Records shown
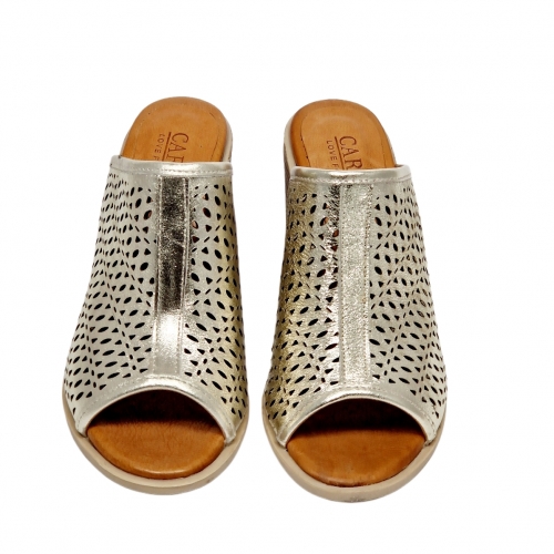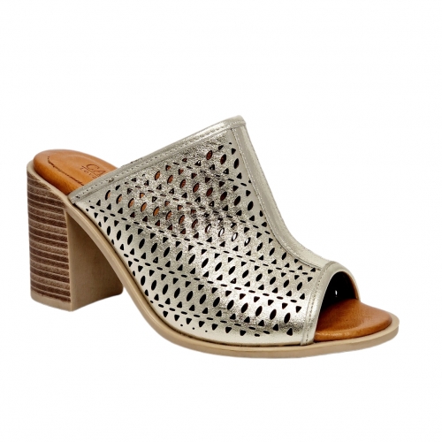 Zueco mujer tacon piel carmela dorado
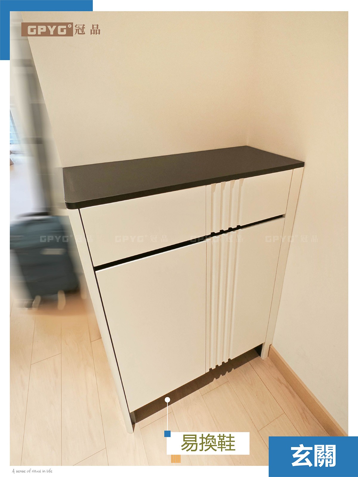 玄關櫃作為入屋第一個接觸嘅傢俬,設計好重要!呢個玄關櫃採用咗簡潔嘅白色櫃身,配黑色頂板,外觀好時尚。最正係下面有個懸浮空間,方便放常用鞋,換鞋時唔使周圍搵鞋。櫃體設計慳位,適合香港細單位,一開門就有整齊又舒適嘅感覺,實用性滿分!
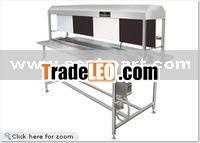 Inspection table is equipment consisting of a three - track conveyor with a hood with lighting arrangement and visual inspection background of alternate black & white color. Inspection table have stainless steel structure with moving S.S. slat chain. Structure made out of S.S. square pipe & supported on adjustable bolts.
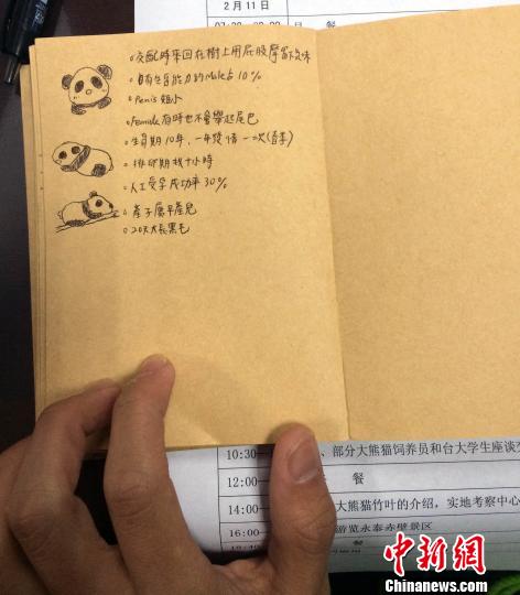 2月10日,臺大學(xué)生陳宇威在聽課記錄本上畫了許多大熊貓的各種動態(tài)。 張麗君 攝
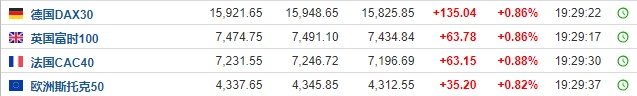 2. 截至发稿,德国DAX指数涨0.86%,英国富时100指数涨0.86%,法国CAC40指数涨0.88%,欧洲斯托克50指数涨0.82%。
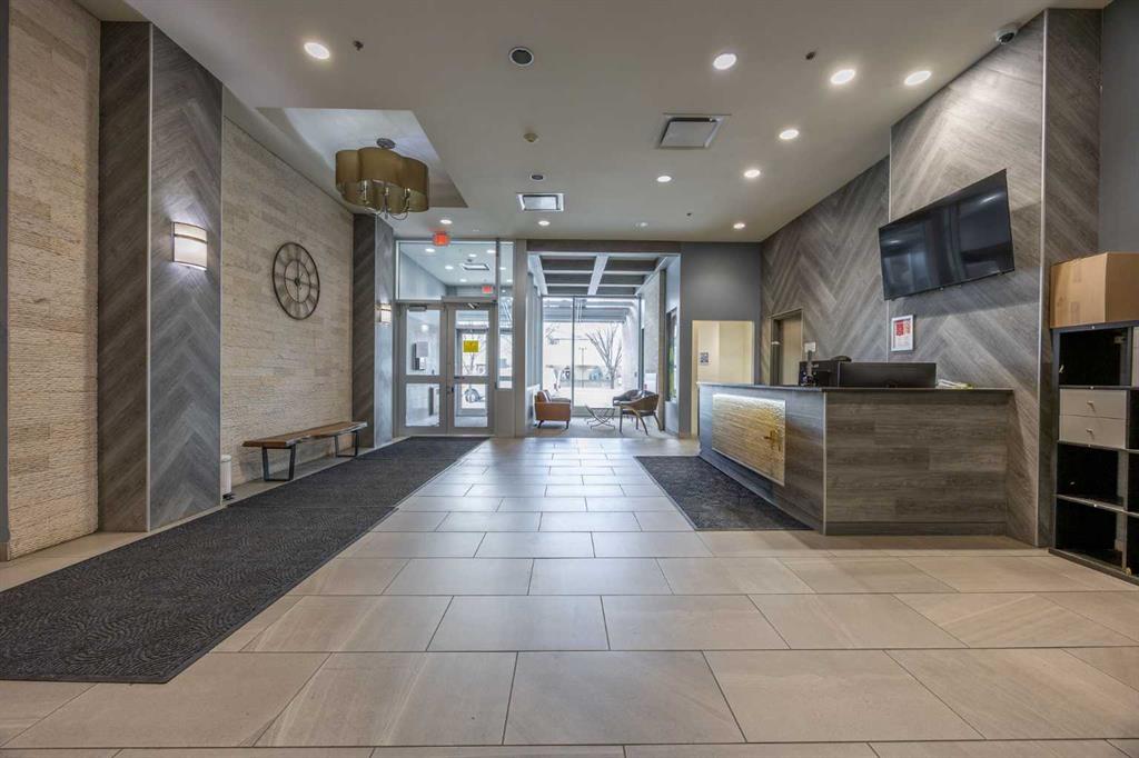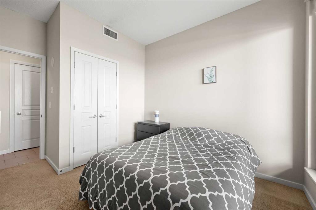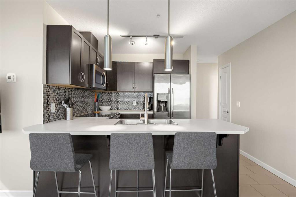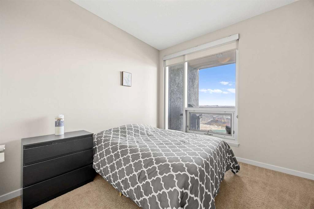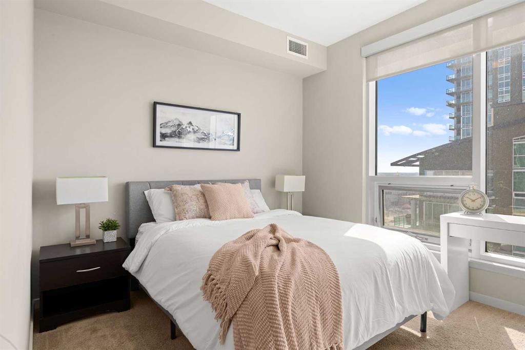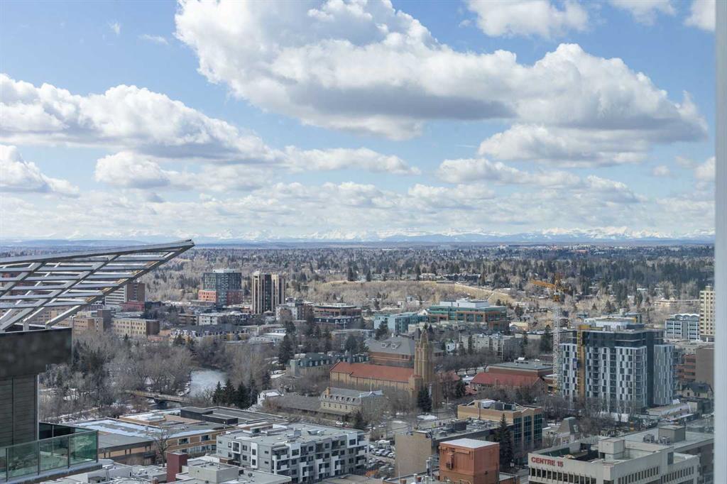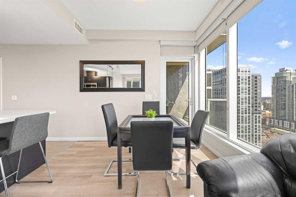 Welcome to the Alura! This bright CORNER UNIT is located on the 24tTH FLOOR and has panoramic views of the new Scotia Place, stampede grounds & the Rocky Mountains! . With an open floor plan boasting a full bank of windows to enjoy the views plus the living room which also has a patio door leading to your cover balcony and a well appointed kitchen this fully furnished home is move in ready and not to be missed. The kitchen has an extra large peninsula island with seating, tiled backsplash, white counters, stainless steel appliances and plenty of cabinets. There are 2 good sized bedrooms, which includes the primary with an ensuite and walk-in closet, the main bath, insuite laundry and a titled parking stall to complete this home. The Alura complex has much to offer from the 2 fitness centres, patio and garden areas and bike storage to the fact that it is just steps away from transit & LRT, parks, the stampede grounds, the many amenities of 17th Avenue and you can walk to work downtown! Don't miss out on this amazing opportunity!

What is expected
In transcribing the records, omit the pictures and keep everything else exactly as it appears.

Task answer
 Zueco mujer tacon piel carmela dorado
 玄關櫃作為入屋第一個接觸嘅傢俬,設計好重要!呢個玄關櫃採用咗簡潔嘅白色櫃身,配黑色頂板,外觀好時尚。最正係下面有個懸浮空間,方便放常用鞋,換鞋時唔使周圍搵鞋。櫃體設計慳位,適合香港細單位,一開門就有整齊又舒適嘅感覺,實用性滿分!
 Inspection table is equipment consisting of a three - track conveyor with a hood with lighting arrangement and visual inspection background of alternate black & white color. Inspection table have stainless steel structure with moving S.S. slat chain. Structure made out of S.S. square pipe & supported on adjustable bolts.
 2月10日,臺大學(xué)生陳宇威在聽課記錄本上畫了許多大熊貓的各種動態(tài)。 張麗君 攝
 2. 截至发稿,德国DAX指数涨0.86%,英国富时100指数涨0.86%,法国CAC40指数涨0.88%,欧洲斯托克50指数涨0.82%。
 Welcome to the Alura! This bright CORNER UNIT is located on the 24tTH FLOOR and has panoramic views of the new Scotia Place, stampede grounds & the Rocky Mountains! . With an open floor plan boasting a full bank of windows to enjoy the views plus the living room which also has a patio door leading to your cover balcony and a well appointed kitchen this fully furnished home is move in ready and not to be missed. The kitchen has an extra large peninsula island with seating, tiled backsplash, white counters, stainless steel appliances and plenty of cabinets. There are 2 good sized bedrooms, which includes the primary with an ensuite and walk-in closet, the main bath, insuite laundry and a titled parking stall to complete this home. The Alura complex has much to offer from the 2 fitness centres, patio and garden areas and bike storage to the fact that it is just steps away from transit & LRT, parks, the stampede grounds, the many amenities of 17th Avenue and you can walk to work downtown! Don't miss out on this amazing opportunity!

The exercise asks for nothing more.